_Materials provided_:
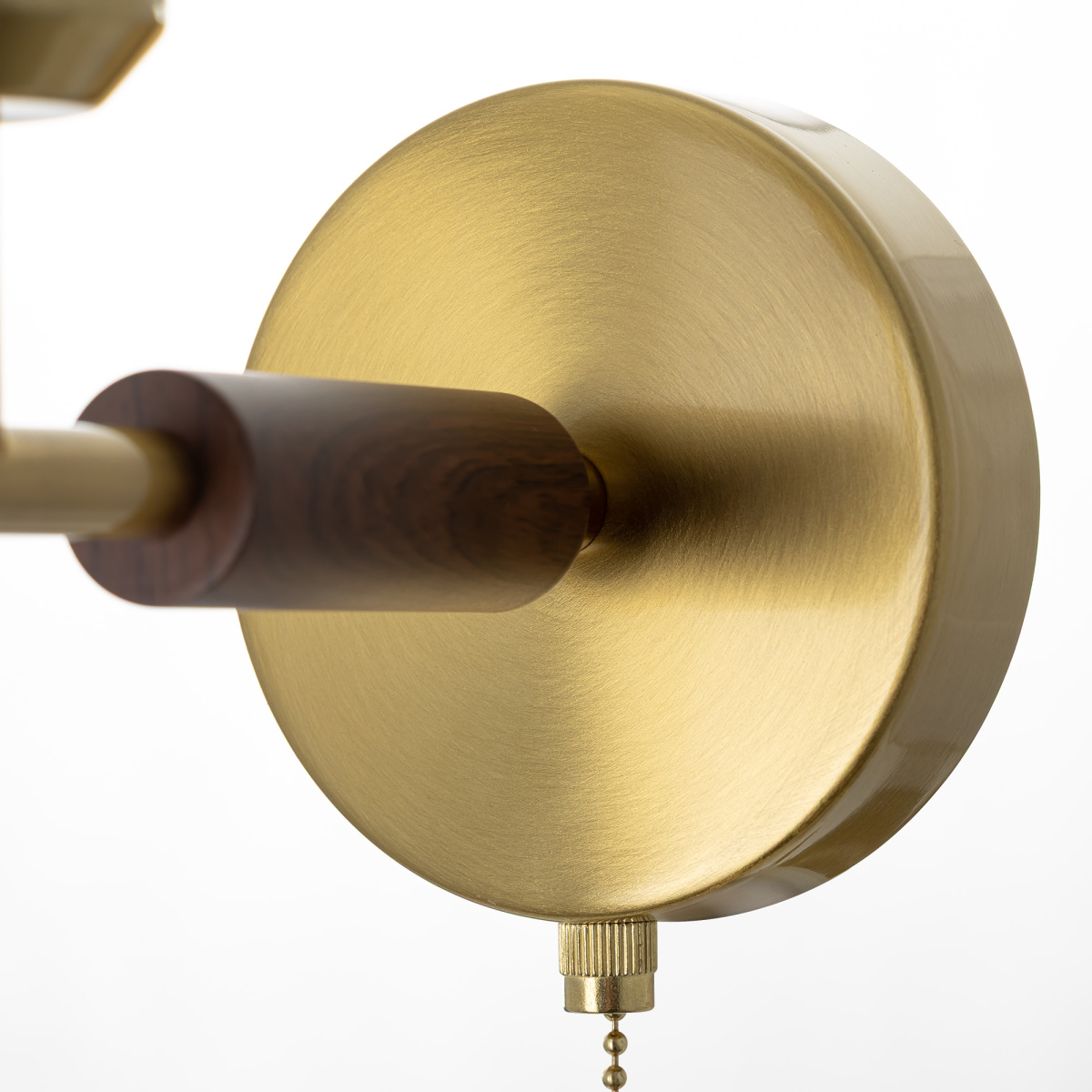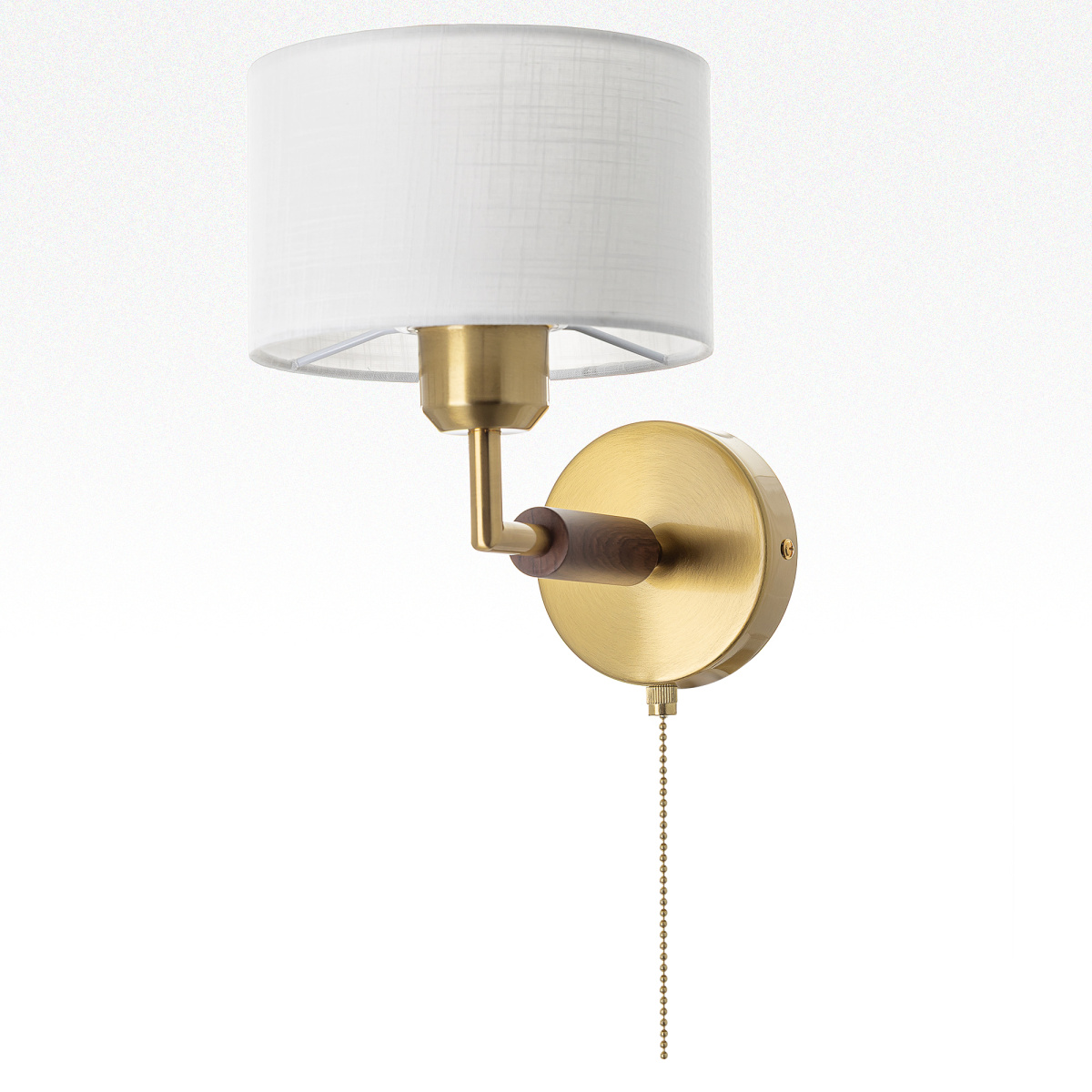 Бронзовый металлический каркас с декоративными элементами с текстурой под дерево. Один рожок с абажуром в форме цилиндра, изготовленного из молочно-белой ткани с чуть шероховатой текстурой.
==
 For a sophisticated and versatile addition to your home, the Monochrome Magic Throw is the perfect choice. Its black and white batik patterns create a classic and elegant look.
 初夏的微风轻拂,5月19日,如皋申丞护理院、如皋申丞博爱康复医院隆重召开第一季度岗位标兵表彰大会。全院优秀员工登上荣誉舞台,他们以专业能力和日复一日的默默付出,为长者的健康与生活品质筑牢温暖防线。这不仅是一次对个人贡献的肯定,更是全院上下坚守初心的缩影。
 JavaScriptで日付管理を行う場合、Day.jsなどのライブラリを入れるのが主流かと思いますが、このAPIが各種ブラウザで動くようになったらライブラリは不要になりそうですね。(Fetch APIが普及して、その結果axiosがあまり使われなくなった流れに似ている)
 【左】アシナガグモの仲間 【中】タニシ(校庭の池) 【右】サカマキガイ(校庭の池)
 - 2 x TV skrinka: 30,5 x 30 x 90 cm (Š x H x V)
---
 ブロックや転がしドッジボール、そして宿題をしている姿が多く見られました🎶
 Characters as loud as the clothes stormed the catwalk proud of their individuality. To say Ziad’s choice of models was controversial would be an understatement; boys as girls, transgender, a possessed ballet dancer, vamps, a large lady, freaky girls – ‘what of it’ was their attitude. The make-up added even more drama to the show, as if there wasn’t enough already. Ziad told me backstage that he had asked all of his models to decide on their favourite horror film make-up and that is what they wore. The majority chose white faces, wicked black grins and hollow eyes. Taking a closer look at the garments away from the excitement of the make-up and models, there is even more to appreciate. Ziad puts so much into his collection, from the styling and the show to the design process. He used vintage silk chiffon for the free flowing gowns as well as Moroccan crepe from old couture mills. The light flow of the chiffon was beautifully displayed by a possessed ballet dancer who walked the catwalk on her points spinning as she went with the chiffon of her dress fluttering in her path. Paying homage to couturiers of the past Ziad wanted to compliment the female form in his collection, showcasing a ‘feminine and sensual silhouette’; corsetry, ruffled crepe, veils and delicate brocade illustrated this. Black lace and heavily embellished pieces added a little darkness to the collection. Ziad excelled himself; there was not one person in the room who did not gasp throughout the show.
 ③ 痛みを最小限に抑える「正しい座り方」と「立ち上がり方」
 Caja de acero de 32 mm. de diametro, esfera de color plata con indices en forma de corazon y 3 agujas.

_About this exercise_:
Your answer should consist of all lines above that include the string "black".

_Solved problem_:
 For a sophisticated and versatile addition to your home, the Monochrome Magic Throw is the perfect choice. Its black and white batik patterns create a classic and elegant look.
 Characters as loud as the clothes stormed the catwalk proud of their individuality. To say Ziad’s choice of models was controversial would be an understatement; boys as girls, transgender, a possessed ballet dancer, vamps, a large lady, freaky girls – ‘what of it’ was their attitude. The make-up added even more drama to the show, as if there wasn’t enough already. Ziad told me backstage that he had asked all of his models to decide on their favourite horror film make-up and that is what they wore. The majority chose white faces, wicked black grins and hollow eyes. Taking a closer look at the garments away from the excitement of the make-up and models, there is even more to appreciate. Ziad puts so much into his collection, from the styling and the show to the design process. He used vintage silk chiffon for the free flowing gowns as well as Moroccan crepe from old couture mills. The light flow of the chiffon was beautifully displayed by a possessed ballet dancer who walked the catwalk on her points spinning as she went with the chiffon of her dress fluttering in her path. Paying homage to couturiers of the past Ziad wanted to compliment the female form in his collection, showcasing a ‘feminine and sensual silhouette’; corsetry, ruffled crepe, veils and delicate brocade illustrated this. Black lace and heavily embellished pieces added a little darkness to the collection. Ziad excelled himself; there was not one person in the room who did not gasp throughout the show.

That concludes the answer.